Rheumatoid Factor Test Results

Receiving test results

Results are normally available within a few business days of taking an RF test. They may be shared with you via phone, mail, or electronically. In some cases, doctors may wait to share the results of RF testing until other testing is completed.

Results from at-home RF testing may take additional time as the test sample must first be mailed to the appropriate laboratory. Test reports may be available through the company’s website or a smartphone app. Some at-home testing companies connect you to a health professional for support in understanding the test result.

Interpreting test results

After an RF test is completed, test results are reported as either positive or negative. A numerical or titer value may be provided to indicate the level of RF detected in the blood. Negative results may also be called normal, while positive results may be called abnormal.

Reference ranges for this test vary by laboratory and the type of RF test performed in the analysis. It’s important to use the reference ranges provided by an individual laboratory.

Because RF testing is rarely used alone, the results of an RF test should be interpreted with caution. A negative test result indicates that little to no RF was found in the blood, but this does not always rule out an underlying health issue. Up to 20% of people with RA may have a negative RF test result, and their results may change over time.

Testing positive for RF may indicate an underlying health condition but is insufficient to diagnose it on its own. Around 4% of healthy people have RF detected in their blood. Positive results may also be related to an underlying autoimmune disorder, certain infections, and some types of cancer.

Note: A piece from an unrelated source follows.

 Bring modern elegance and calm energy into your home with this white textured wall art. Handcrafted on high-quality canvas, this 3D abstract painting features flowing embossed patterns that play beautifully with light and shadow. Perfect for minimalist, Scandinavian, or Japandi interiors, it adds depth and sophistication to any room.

While high levels alone cannot diagnose any condition, research suggests that the higher the amount of RF in the blood, the greater the likelihood you have an autoimmune disorder.

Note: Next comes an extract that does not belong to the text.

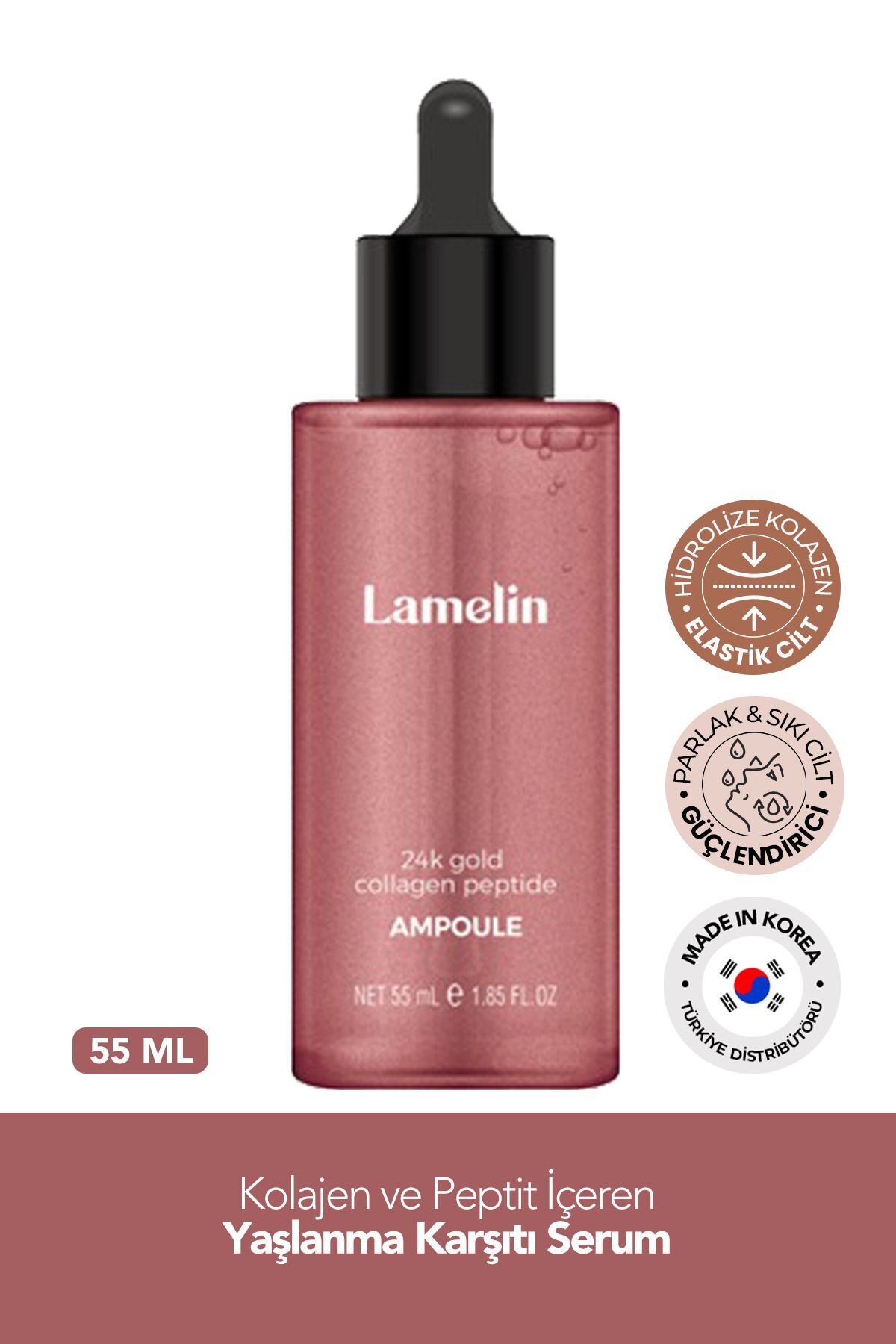 • Anti-aging care serum, enriched with Peptide, Collagen and gold complex, is suitable for daily use and provides firming, anti-wrinkle and revitalizing effects.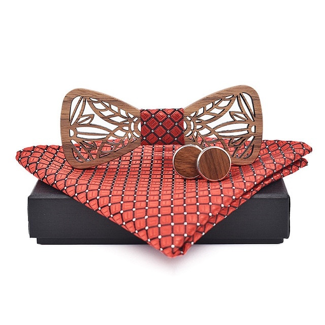 Nyní to budete mít na dřevo jisté, že dřevěný motýlek, manžetové knoflíčky a kapesník do kapsičky saka budou k sobě ladit.

To diagnose the cause of your symptoms, doctors often combine RF testing with a physical exam, imaging tests, and laboratory tests such as CCP antibody testing, antinuclear antibody (ANA) testing, and a synovial fluid analysis. Up to 30% of RA patients may be negative for RF but often positive for antiCCP, an abnormality that may precede overt symptoms of RA.

Diagnosing autoimmune disorders can be complex. It’s important to work with a doctor or consult with a rheumatologist, a doctor specializing in diagnosing and treating autoimmune disorders and other conditions of the joints, muscles, and bones. A rheumatologist can help you understand your results, as well as answer questions about the process of diagnosing autoimmune disorders.

Some questions that may be helpful to review with a doctor include:

  • How does my test result help me understand the cause of my symptoms?
  • Based on my test result, what is the likelihood that I have RA or another autoimmune disorder?
  • Do I need any follow-up tests based on my test result?